The classification distributions of first template node 154 a and third template node 154 c may be propagated to second template node 154 b as indicated by the arrows. Each classification probability (p) of the respective classification distribution 158 a may be multiplied by the respective edge weight as shown. The sum of the incoming results for each classification probability may be used as the classification probability for second template node 154 b, as shown at the bottom. For example, 40% of documents associated with first template node 154 a are classified as “Receipt,” and a weight of edge 350 a between first template node 154 a and second template node 154 b is 0.6, and so the ultimate incoming classification probability at second template 154 b for “Receipt” from first template 154 a is 24% (40%×0.6=24%). The ultimate incoming classification probability at second template node 154 b for “Receipt” from third template node 154 c is 20%. If edges 350 a and 350 b are the only edges to second template node 154 b, then classification distribution 158 b of second template 154 b for “Receipt” adds up to 44%. Incoming classification probabilities for “Finance” and “Travel” are calculated in a similar fashion. The result is that second template node 154 b is assigned a classification distribution 158 b of 44% “Receipt,” 30% “Finance,” and 26% “Travel.”

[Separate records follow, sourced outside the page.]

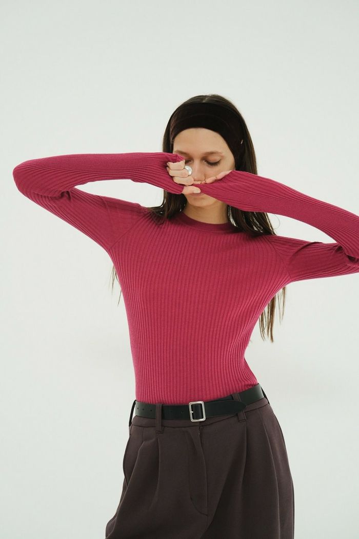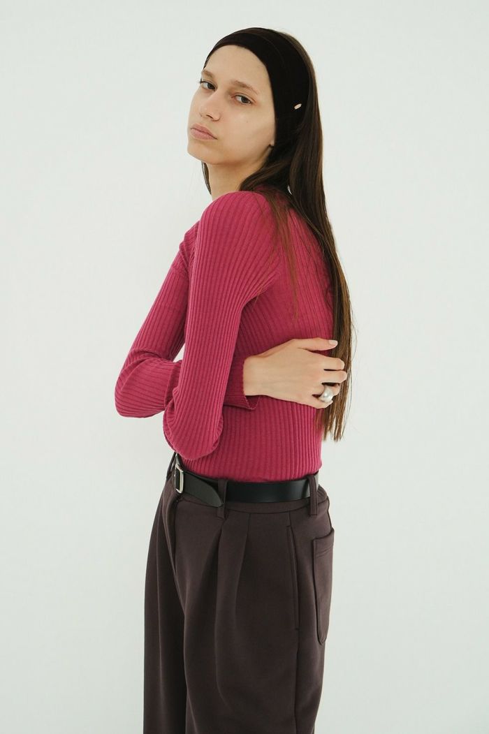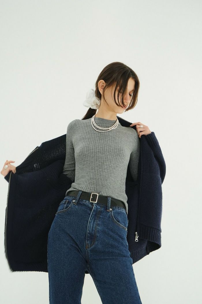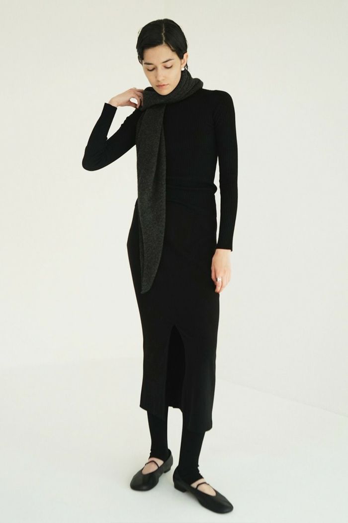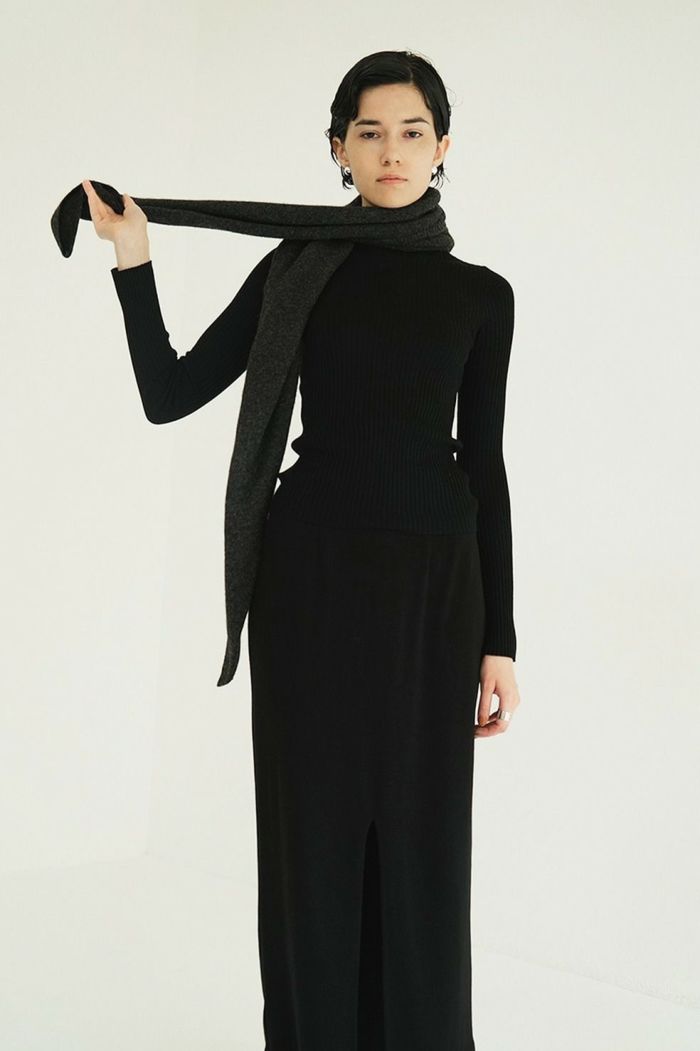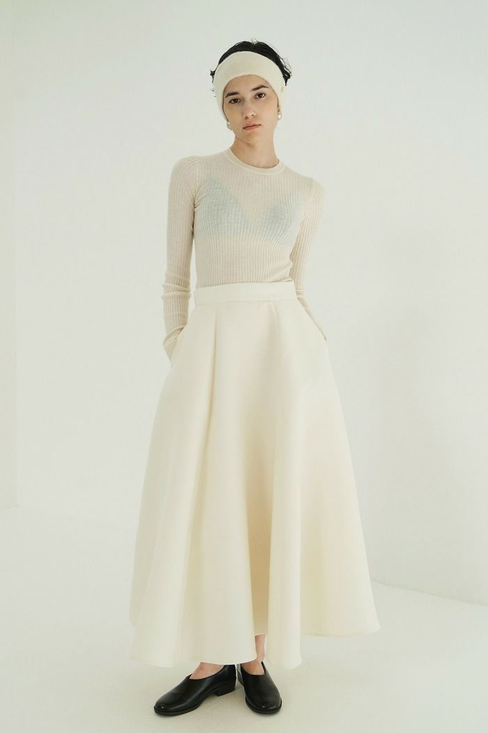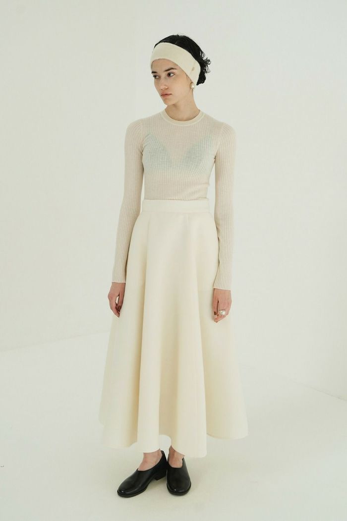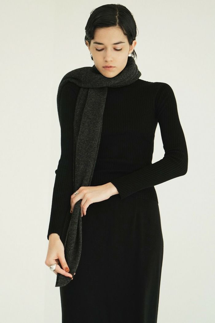 細い番手の糸を16ゲージで丁寧に編み立てた、繊細なシアーリブニット。
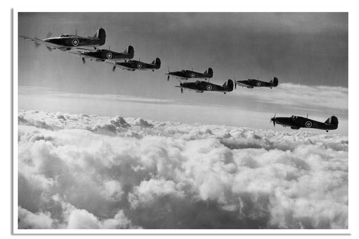 Vier Hurricanes Mark I tijdens de Tweede Wereldoorlog. Foto Imperial Warmuseum.
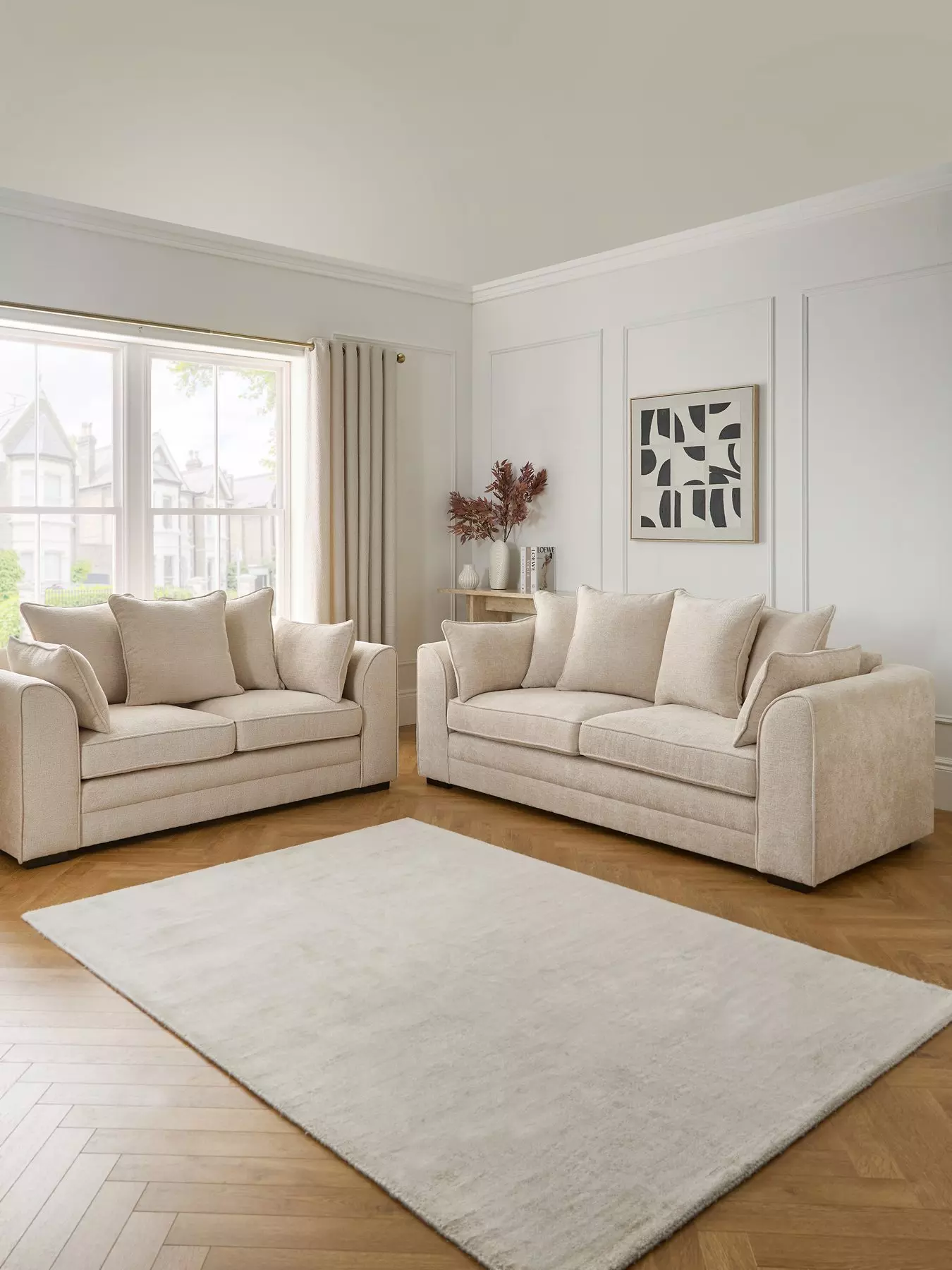 Modern comfortPart of Very Home's Soho collection, this modern sofa suite is wrapped in a super comfy fabric and available in a choice of natural and grey neutral tones that will match any colour scheme. Styled with slightly sloping arms and comfy side cushions, it can be matched with other seating from this collection.

Once classification distributions are calculated for each node/template, whether using the centroid approach or hierarchical propagation approach, the calculated classification distributions may be used to classify documents associated with each node/template. In some implementations, the most likely classification of a template (e.g., the classification assigned to the most documents associated with the template) may be assigned to all documents associated with the template, e.g., in accordance with the following equation:
$\begin{matrix} L_{OPT}^{T} = \arg \max_{L_{i}} \hat{p} (L_{i}  T) & (10) \end{matrix}$
wherein {tilde over (p)}(L_i|T) denotes the probability if label/classification L_iaccording to distribution {circumflex over (L)}, after the template propagation stage.
In some implementations, techniques disclosed herein may be used to identify new potential classifications/labels. For example, suppose a particular template representing a cluster of documents is a topic-based template. Suppose further that most or all documents associated with that particular template are not classified/labeled, and/or that a similarity between that template and any templates having known classification distributions (e.g., represented as an edge weight) is unclear or relatively weak. In some implementations, one or more topics of that template having the highest associated weights may be selected as newly-discovered classifications/labels. The newly-discovered classifications/labels may be further applied (e.g., propagated as described above) to other similar templates whose connection to templates with previously-known classifications/labels is unclear and/or relatively weak.
Referring now to FIG. 5, an example method 500 of classifying documents en masse based on their associations with clusters is described. For convenience, the operations of the flow chart are described with reference to a system that performs the operations. This system may include various components of various computer systems, including various engines described herein. Moreover, while operations of method 500 are shown in a particular order, this is not meant to be limiting. One or more operations may be reordered, omitted or added.
At block 502, the system may group a corpus of documents into a plurality of disjoint clusters based on one or more shared content attributes. Example techniques for grouping documents into clusters are described above with respect to cluster engine 124. At block 504, the system may determine a classification distribution associated with at least a first cluster of the plurality of clusters formed at block 502. This classification distribution may be determined based on classifications (or “labels”) assigned to individual documents of the cluster. In some implementations, these individual documents may be classified manually. In some implementations, these individual documents may be classified automatically, e.g., using various document classification techniques.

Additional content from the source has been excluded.